- Live Oak Location within South Carolina Live Oak Location within the United States
- Coordinates: 34°03′22″N 78°56′23″W﻿ / ﻿34.05611°N 78.93972°W
- Country: United States
- State: South Carolina
- County: Horry

Area
- • Total: 0.84 sq mi (2.18 km^{2})
- • Land: 0.84 sq mi (2.18 km^{2})
- • Water: 0 sq mi (0.00 km^{2})
- Elevation: 102 ft (31 m)

Population (2020)
- • Total: 93
- • Density: 110.3/sq mi (42.58/km^{2})
- Time zone: UTC-5 (Eastern (EST))
- • Summer (DST): UTC-4 (EDT)
- ZIP Code: 29569 (Loris)
- Area codes: 843/854
- FIPS code: 45-42095
- GNIS feature ID: 2812964

= Live Oak, South Carolina =

Live Oak is an unincorporated community and census-designated place (CDP) in Horry County, South Carolina, United States.
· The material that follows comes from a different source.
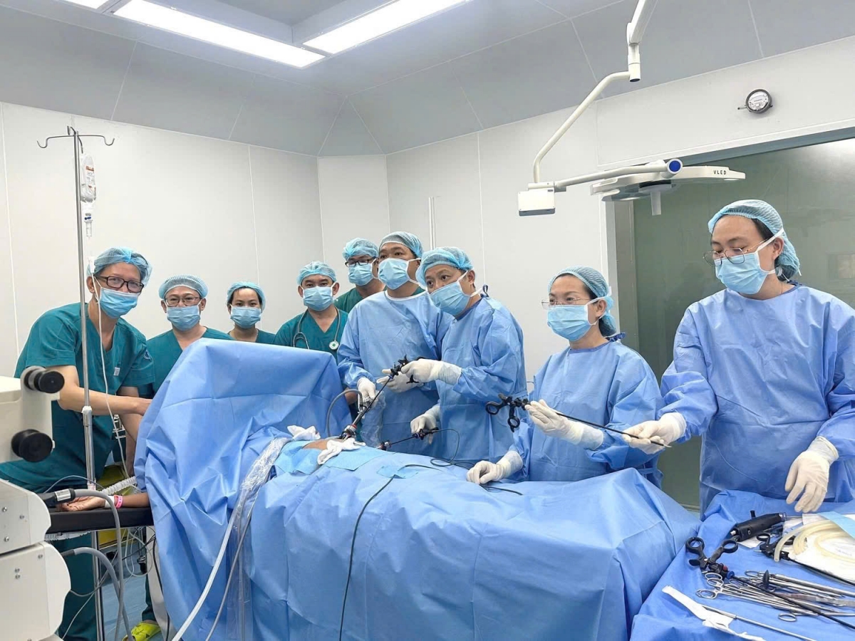 Các bác sĩ ngoại khoa của Bệnh viện Lê Văn Thịnh thực hiện ca mổ nội soi viêm ruột thừa tại Bệnh viện Từ Dũ cơ sở 2 - Cần Giờ (Ảnh: BV cung cấp)

As of the 2020 census it had a population of 93.

The CDP is in northeastern Horry County, 3 mi west of Loris and 18 mi northeast of Conway, the county seat.

==Demographics==

Live Oak first appeared as a census designated place in the 2020 U.S. census.

Historical population
| Census | Pop. | Note | %± |
| 2020 | 93 |  | — |
U.S. Decennial Census 2020

===2020 census===

Live Oak CDP, South Carolina – Demographic Profile (NH = Non-Hispanic)
| Race / Ethnicity | Pop 2020 | % 2020 |
|---|---|---|
| White alone (NH) | 56 | 60.22% |
| Black or African American alone (NH) | 28 | 30.11% |
| Native American or Alaska Native alone (NH) | 2 | 2.15% |
| Asian alone (NH) | 0 | 0.00% |
| Pacific Islander alone (NH) | 0 | 0.00% |
| Some Other Race alone (NH) | 0 | 0.00% |
| Mixed Race/Multi-Racial (NH) | 5 | 5.38% |
| Hispanic or Latino (any race) | 2 | 2.15% |
| Total | 93 | 100.00% |

Note: the US Census treats Hispanic/Latino as an ethnic category. This table excludes Latinos from the racial categories and assigns them to a separate category. Hispanics/Latinos can be of any race.

== Education ==
Horry County School District is the sole school district in the county.